Winds of political change are also sweeping the world, adding to general uncertainty. Chaos is all around.

Once popular international agreements are fracturing, whether the Paris Climate accord, the Iran nuclear deal, NAFTA and the Trans-Pacific Partnership trade agreements, the EU with Brexit, and even NATO. Wars continue to wage in slow but deadly motion in the Congo, Sudan, Somalia, Yemen, Syria, Iraq, and Afghanistan, producing monumental hordes of refugees and immigrants.

Violence in Venezuela, El Salvador, Guatemala, and Nicaragua does the same. The Uited Nations, the key international center for diplomacy, is ham-strung, with the Security Council fractured, the U.S. and Israel leaving its specialized agencies, UNESCO the latest, and trade and tariff wars raging, especially between the U.S. and China.

Yes, Trump has added fuel to these conflicts, but there is a more fundamental cause, a stronger political wind.

The glue that tied countries together became undone, erasing shared interests that propelled them to cooperate. The end of the Cold War and the real absence of major military threats have had a profound effect of how countries behave. Untied to others for security, governments focused on their own particular interests, pushed by their publics’ domestic interests and concerns.

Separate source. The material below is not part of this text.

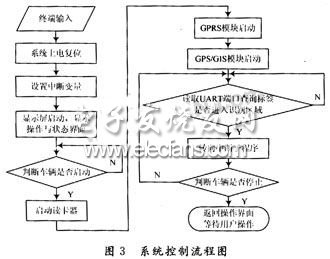 控制部分的流程是這樣的:首先將操作系統(tǒng)下載到目標(biāo)板,目標(biāo)板初始化,并且設(shè)置各個(gè)模塊的中斷向量來保證各個(gè)模塊啟動(dòng)后能夠正確運(yùn)行。中斷優(yōu)先級(jí)的排序是讀卡器優(yōu)先級(jí)最高,其次是GPRS,最后是GPS。同時(shí),顯示屏顯示操作界面,用戶可以輸入指令使得汽車啟動(dòng)。當(dāng)車輛啟動(dòng)后,各模塊也隨之運(yùn)行,系統(tǒng)程序?qū)⑥D(zhuǎn)入查詢狀態(tài),通過不斷掃描UART端口判斷是否有標(biāo)簽進(jìn)入識(shí)別區(qū)域。若進(jìn)入標(biāo)簽識(shí)別區(qū)域,讀卡器就會(huì)接收到射頻模塊識(shí)別到的條碼信號(hào),判斷信號(hào)正確后,系統(tǒng)轉(zhuǎn)人中斷子程序。在中斷子程序中,系統(tǒng)會(huì)向GPIO端口提供相應(yīng)的高低電平作為輸出信號(hào)來實(shí)現(xiàn)轉(zhuǎn)向。GPRS是隨著車輛啟動(dòng)后就立即啟動(dòng)的,這是因?yàn)樗仨毑粩喔卤O(jiān)控中心提供的路徑信息來保證車輛的正常行駛。當(dāng)車輛停止時(shí)會(huì)發(fā)出電平信號(hào),此時(shí),系統(tǒng)轉(zhuǎn)入等待狀態(tài),屏幕顯示操作界面,等待用戶進(jìn)行下一步操作。

Examples abound. British voters rejected the EU and chose Brexit; Trump cleverly took advantage of latent anti-immigrant, racist, anti-Islamic, protectionist sentiment in key states to peddle his populous nationalism. Make American Great Again.

And nationalists blossomed in France, Hungary, Poland, Brazil, and elsewhere, joining established ones in Russia and China. With so many countries acting on the model of America First, cooperation faded, interests clashed, threats unleashed, and a host of protracted conflicts erupted or were exacerbated. The post-Second World War global system that the United States authored clearly shattered, a system that made relations structured and predictable. More global uncertainty added to domestic uncertainty.

Fixing the domestic and international change will not be easy. First, it is not obvious what has to be done or who is able to do it. Fixing bad change with good reform change, with no accepted leader, leaves everyone adrift.